Gustavo Petro es el mayor creador de cortinas de humo en la historia de Colombia o, poco a poco, sigue revelando las garras de su talante dictatorial. Lo cierto es que cada una de sus acciones o declaraciones tienen doble sentido o un propósito oculto. Lo más preocupante es la velocidad con la que produce hechos que sacuden al país: la nación no termina de asimilar uno cuando ya se enfrenta a otro, aún más grave.
Los últimos acontecimientos protagonizados por el exótico mandatario colombiano, además de extravagantes, resultan profundamente alarmantes. Después de su intempestivo trino de madrugada, que casi sepulta la economía nacional, vino el bochornoso espectáculo del consejo de ministros televisado que más pareció un grotesco circo mediático. Días después, optó por un viaje turístico al Medio Oriente, desentendiéndose de la crítica situación de violencia en regiones como el Catatumbo y el Chocó, entre otras. Su gobierno, mientras tanto, se debatía entre la ausencia de ministros y la sombra perversa de Armando Benedetti, cuya influencia es tan cuestionable como funesta.

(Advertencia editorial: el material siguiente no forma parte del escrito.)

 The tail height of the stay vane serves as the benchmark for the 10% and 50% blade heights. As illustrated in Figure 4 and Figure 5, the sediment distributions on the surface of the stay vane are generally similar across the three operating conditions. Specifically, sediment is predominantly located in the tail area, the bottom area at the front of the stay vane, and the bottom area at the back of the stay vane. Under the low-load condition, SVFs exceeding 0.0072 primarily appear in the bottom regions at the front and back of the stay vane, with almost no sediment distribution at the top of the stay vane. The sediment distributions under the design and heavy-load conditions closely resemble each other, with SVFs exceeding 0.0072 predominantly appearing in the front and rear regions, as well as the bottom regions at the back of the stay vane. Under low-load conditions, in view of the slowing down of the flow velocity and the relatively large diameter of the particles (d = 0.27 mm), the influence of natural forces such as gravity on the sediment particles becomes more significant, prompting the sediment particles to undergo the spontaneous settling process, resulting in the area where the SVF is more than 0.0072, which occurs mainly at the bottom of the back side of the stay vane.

Sin embargo, el colmo de los despropósitos llegó con la reacción del mandatario ante la ponencia negativa del magistrado Jorge Enrique Ibáñez sobre la reforma pensional. Petro y sus aliados estallaron en cólera, convocando a un nuevo estallido en las calles contra la Corte Constitucional. Pero no se detuvo allí: apenas dos días después, lanzó otro ataque institucional al anunciar la designación del recién ascendido general Pedro Sánchez, como ministro de Defensa, pasando por alto la trayectoria de toda la cúpula de la Fuerza Pública. Esta decisión, así se posesione el oficial como civil, por mera dignidad, obligaría al retiro de por lo menos 20 generales, configurando así otro duro embate contra las ya debilitadas Fuerzas Militares y de Policía.

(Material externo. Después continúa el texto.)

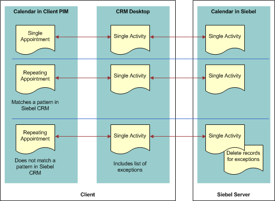Siebel CRM Desktop for Microsoft Outlook Administration Guide > How Siebel CRM Desktop Handles Siebel CRM Data > How Siebel CRM Desktop Handles Microsoft Outlook Calendar Data > How Siebel CRM Desktop Handles a Repeating Calendar AppointmentA repeating calendar appointment is a calendar appointment that repeats at a specified interval. Siebel CRM Desktop supports synchronizing a repeating calendar appointment between Microsoft Outlook and the Siebel Server, but it handles a repeating pattern differently for the Outlook calendar appointment than it does for a Siebel calendar activity. Figure 8 illustrates how CRM Desktop handles a repeating calendar appointment. For more information, see How Siebel CRM Desktop Maps Fields Between Siebel CRM Data and Microsoft Outlook Data. |
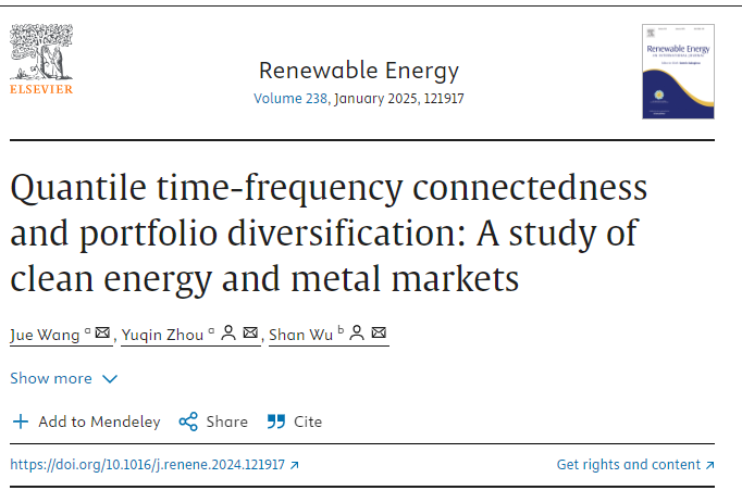近日,学院王珏副教授撰写的论文Quantile time-frequency connectedness and portfolio diversification: A study of clean energy and metal markets在Renewable Energy公开发表。

La incitación a la desobediencia contra la Corte Constitucional no es un asunto menor. Está demostrado que Petro y su círculo cercano solo respetan las decisiones judiciales que les resultan favorables. Cuando prevén un fallo adverso, explotan y llaman al desorden colectivo. Esa conducta no solo es soberbia, sino dictatorial; buscan intimidar, chantajear y someter tanto a la rama judicial en estos casos, como a la legislativa en otros. Se colocan, sin pudor alguno, por encima de la ley y de la Constitución, desbordando cualquier límite institucional. Y ese llamado a la rebelión contra las cortes trae a la memoria de los colombianos la trágica toma criminal del Palacio de Justicia, perpetrada por el M-19.
A Gustavo Petro, quien ha deteriorado la dignidad de la institución presidencial, hay que hablarle y exigirle con firmeza que debe respetar a los jueces de la República. Ellos merecen acatamiento, no solo por su investidura personal, sino porque encarnan la institucionalidad y la esencia del Estado de derecho. El comportamiento de quien ocupa la jefatura del Estado no solo es reprochable; es, sencillamente, detestable. Petro ostenta la investidura presidencial, pero ha demostrado carecer de la dignidad que exige el cargo.
A nosotros, los colombianos, nos corresponde plantarnos con determinación para defender, cueste lo que cueste, la majestad de la justicia, hoy pisoteada y vilipendiada por quien debería ser el primero en acatarla y respetarla. No podemos tolerar por más tiempo el guion chavista que Petro intenta imponer en Colombia. Y parafraseando a su amigo Maduro, así suene paradójico, debemos exigirle respeto a los jueces ‘por las buenas o por las malas’.